Tested Middy’s Battlezone feeder rod
...and for the price, this Carp Feeder is worth a look
IF YOU’RE the kind of angler who fishes commercial snake lakes or pools for large carp within short casting distance, you’ll want to take a closer look at one of these very conservatively-priced rods.
The latest 9ft Middy Battlezone Carp Feeder has a wickedly fast progressive action that generates enough power in its butt section to cast up to 30 yards, but it still retains a reasonably soft cushioning action through the tip and mid-sections. That helps prevent hook pulls or snapped hooklengths when playing big fish at close range.
This vertically-challenged Middy powerhouse uses a two-sectioned carbon composite blank with a sufficiently flexible action to suit it to a host of feeder or straight lead applications.
It’s quite capable of handling reel lines from 5lb to 12lb breaking strain, with hooklengths from 5lb (0.15mm) upwards.
That wide tactical spread allows you to fish for all sizes of carp, from double-figure bruisers using heavier lines and big hooks, through to smaller pasties and stockies on lighter maggot feeder tactics.
The rod comes with two pushin glass quivertips which are in total synch with its aggressively progressive action, showing no signs of flat spotting along the carrier section.
These robust tips allow you to chuck feeders weighing up to about 2oz without the rod bucking around wildly post-cast.
The paler yellow quivertip would be my first choice for most fishing situations. However, for fixed Method feeder tactics when big carp are likely to be ripping the rod off the rest, I would go for the blaze-coloured tip.
Other key features of the Battlezone include a full-length cork-tipped wipe-clean EVA handle, and decent quality lined guides throughout.
I took the test rod to Stretton Lakes, a day-ticket fishery just off the A1 north of Peterborough. My swim was typical of many commercial lakes, with a short chuck of around 25 yards up to the back of an island to find the shallower water.
The rod was rigged with 5lb reel line and a 20g Method feeder loaded with 2mm micro pellets.
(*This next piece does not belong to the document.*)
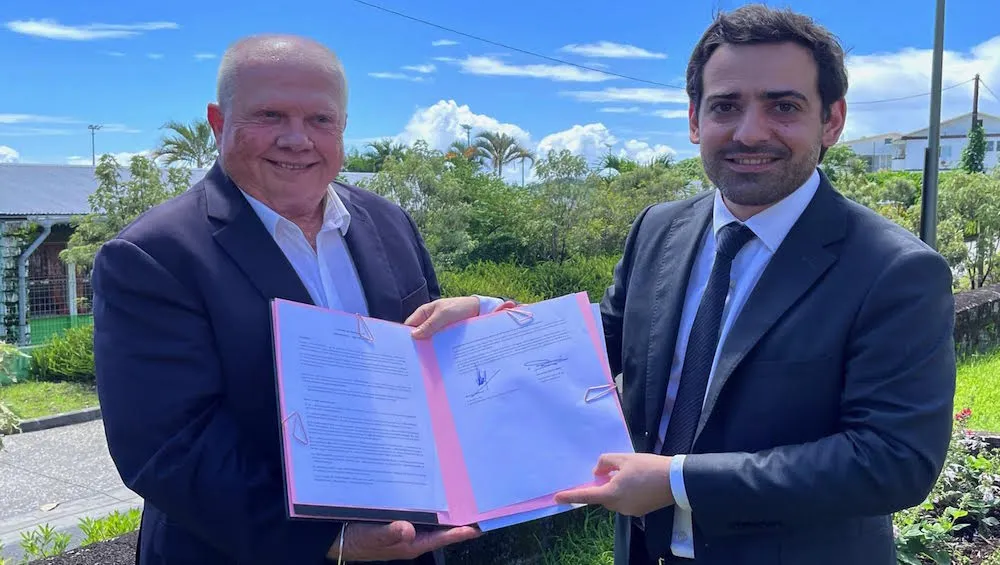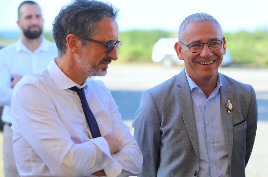 Joé Bédier (avec la veste grise) en compagnie du préfet Jérôme Filippini. (Crédit photo : service Com’ mairie de St-André)
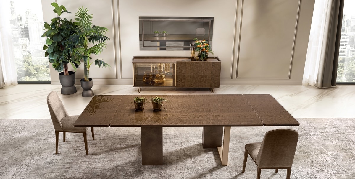 Les panneaux latéraux en bronze mat et les profils en or satiné de couleur champagne introduisent un contraste raffiné, soulignant les volumes et ajoutant une touche précieuse qui élève la sophistication globale de la collection.

For hookbait I opted for a single grain of sweetcorn hair-rigged on a size 16 hook.
Once a bit of bait had gone in I built up a steady casting rhythm, netting a procession of fish to 5lb almost every cast.
Under load, Middy’s tiny terror bends quickly into its full fighting curve, but even then its top section stays reasonably soft, cushioning the hooklength and making playing fish of all sizes a pleasure.
It should be remembered that the rod still packs a fair old punch that shouldn’t be taken for granted.
That steely mid-section takes a bit of getting used to if hook pulls are to be totally avoided, especially when smaller fish are at the sharp end.
Price: £45, but shop around – I found this rod being sold for as little as £29.99
These carp were no match for the Battlezone.